* [Information]
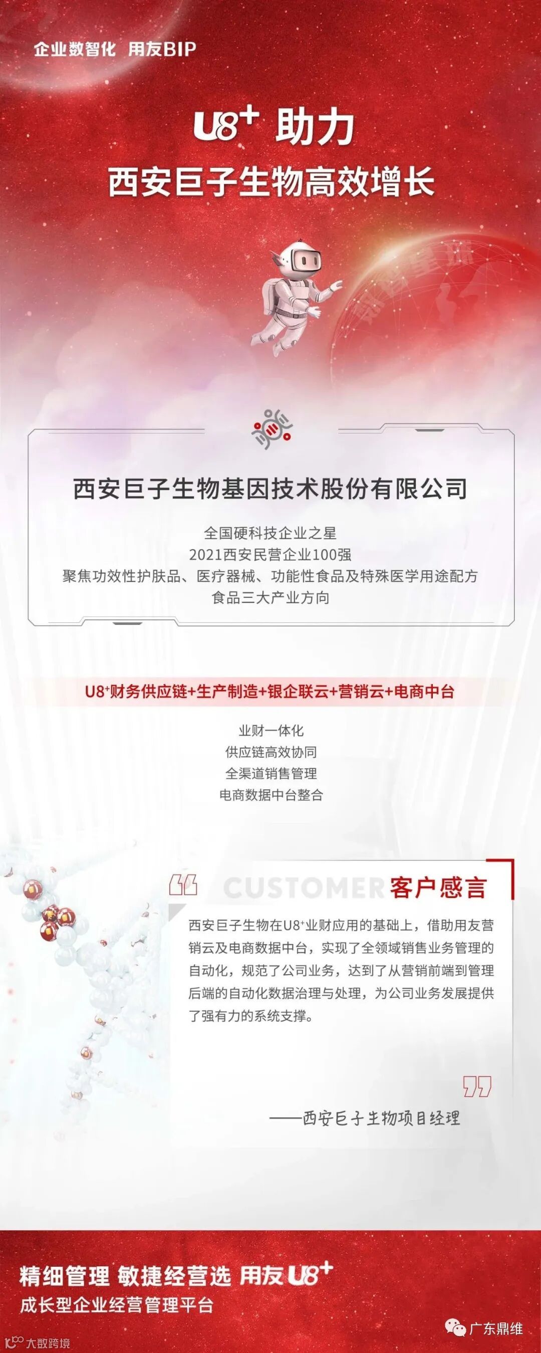 巨子生物是用友10多年老客户,从公司成立起就一直使用用友系统。用友凭借U8+ 财务供应链 + 生产制造 + 银企联云 + 营销云一体化平台优势,为巨子生物量身打造了一套适配的企业管理系统,支撑其业务不断扩张与发展的需要,凭借云 + 端的创新应用,为巨子生物在数字化转型方面注入了全新活力。
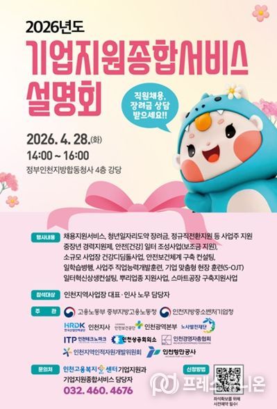 프레스유니온 강찬희 기자 | 중부지방고용노동청은 인천지방중소벤처기업청 등 유관기관과 함께 4월 28일 오후 2시 정부인천지방합동청사에서 ‘기업지원 종합서비스’ 설명회를 개최했다.
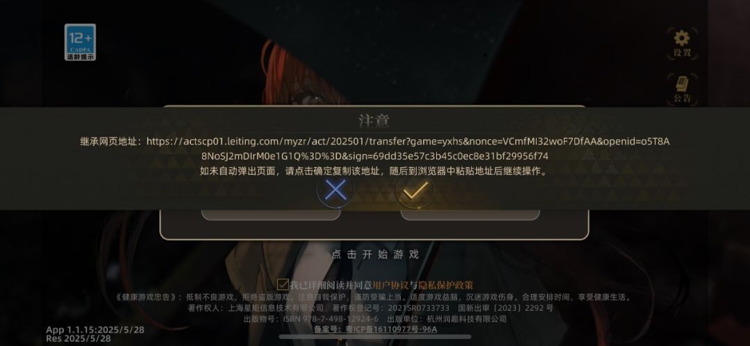请注意:目前iOS18以上系统版本中,您可能遇到无法正常弹出账号转移页面的问题。针对这一问题,游戏客户端会弹出一个提示窗口,您只需点击确认、复制相应链接,然后将其手动粘贴至浏览器的访问地址栏中,即可进入账号转移页面,完成后续的操作。
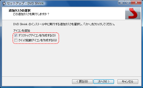 ここではチェックボタンで、デスクトップアイコンとクイックアイコンの作成の有・無を指定する事が出来ます。
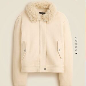 J.Crew Cream Wool Blend Flight Jacket Faux Fur Collar NWT

* [About this exercise] All lines from the line with "请注意:目前iOS18以上系" through the final line of the data, both included, are to be repeated exactly; no other lines and no pictures.

* [Output]
请注意:目前iOS18以上系统版本中,您可能遇到无法正常弹出账号转移页面的问题。针对这一问题,游戏客户端会弹出一个提示窗口,您只需点击确认、复制相应链接,然后将其手动粘贴至浏览器的访问地址栏中,即可进入账号转移页面,完成后续的操作。
 ここではチェックボタンで、デスクトップアイコンとクイックアイコンの作成の有・無を指定する事が出来ます。
 J.Crew Cream Wool Blend Flight Jacket Faux Fur Collar NWT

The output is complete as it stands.